### YOUR ASSIGNMENT
The records that follow need to be printed exactly. Leave out each image.

===============

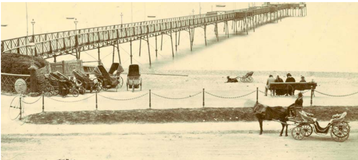
© West Sussex County Council Library Service [P002743]
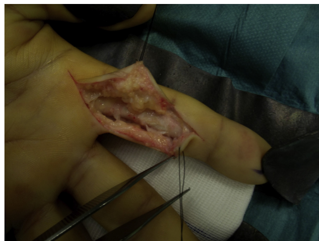
Fig. 4. The pulley system was left open on the ulnar side following the tendon tag excision.

injured digit. Between the ultrasound and the MRI, we opted for the latter one. The ultrasound imaging is operator dependent, and we felt that our radiology department had a much greater experience diagnosing musculoskeletal conditions with the use of MRI. Instead of a variation in the contour as described by Okano et al. [3], we were able to observe the fully lacerated tendon tag.
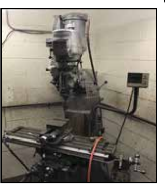
BRIDGEPORT 2-HP Mill
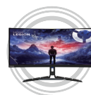
Legion Y34wz-30 Monitor
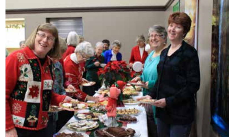
Above: Everyone loves the Women’s Tea. Center: A special skit from the Mary Circle. Bottom: Preparing for the Rummage Sale.

Nevertheless, although our group is not as large as it once was, it is very important to those still involved. We are truly like sisters and friends. We each meet in
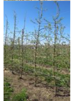
Figure 3. Mechanically pruned (top) and limb bending (bottom) spindle of WA 38.
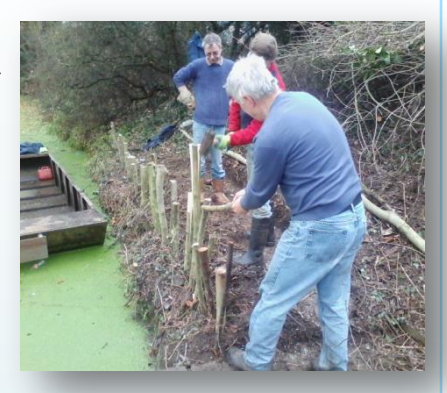
Staking the bank ready for weave and backfill ....

The site also happens to be next to our slipway which is on land belonging to the Town Estate. What could be better?
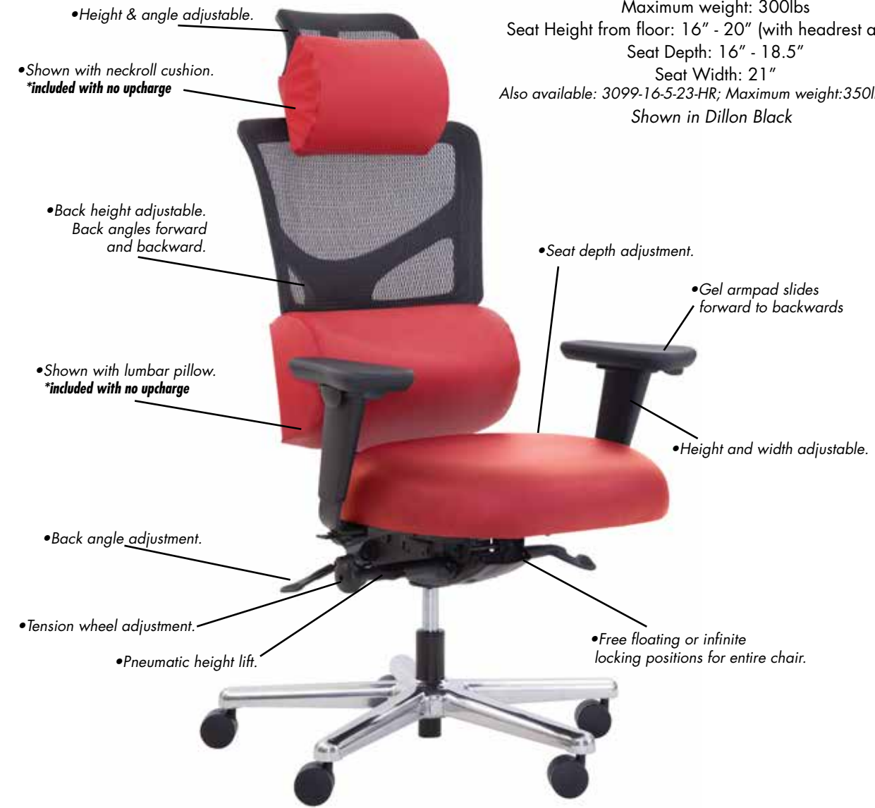
3097-16-8-21-HR User size 5'4" - 5'10" Maximum weight: 300lbs Seat Height from floor: 16" - 20" (with headrest add 6") Seat Depth: 16" - 18.5" Seat Width: 21" Also available: 3099-16-5-23-HR; Maximum weight: 350lbs Shown in Dillon Black

===============

### RESPONSE BOX
© West Sussex County Council Library Service [P002743]
Fig. 4. The pulley system was left open on the ulnar side following the tendon tag excision.

injured digit. Between the ultrasound and the MRI, we opted for the latter one. The ultrasound imaging is operator dependent, and we felt that our radiology department had a much greater experience diagnosing musculoskeletal conditions with the use of MRI. Instead of a variation in the contour as described by Okano et al. [3], we were able to observe the fully lacerated tendon tag.
BRIDGEPORT 2-HP Mill
Legion Y34wz-30 Monitor
Above: Everyone loves the Women’s Tea. Center: A special skit from the Mary Circle. Bottom: Preparing for the Rummage Sale.

Nevertheless, although our group is not as large as it once was, it is very important to those still involved. We are truly like sisters and friends. We each meet in
Figure 3. Mechanically pruned (top) and limb bending (bottom) spindle of WA 38.
Staking the bank ready for weave and backfill ....

The site also happens to be next to our slipway which is on land belonging to the Town Estate. What could be better?
3097-16-8-21-HR User size 5'4" - 5'10" Maximum weight: 300lbs Seat Height from floor: 16" - 20" (with headrest add 6") Seat Depth: 16" - 18.5" Seat Width: 21" Also available: 3099-16-5-23-HR; Maximum weight: 350lbs Shown in Dillon Black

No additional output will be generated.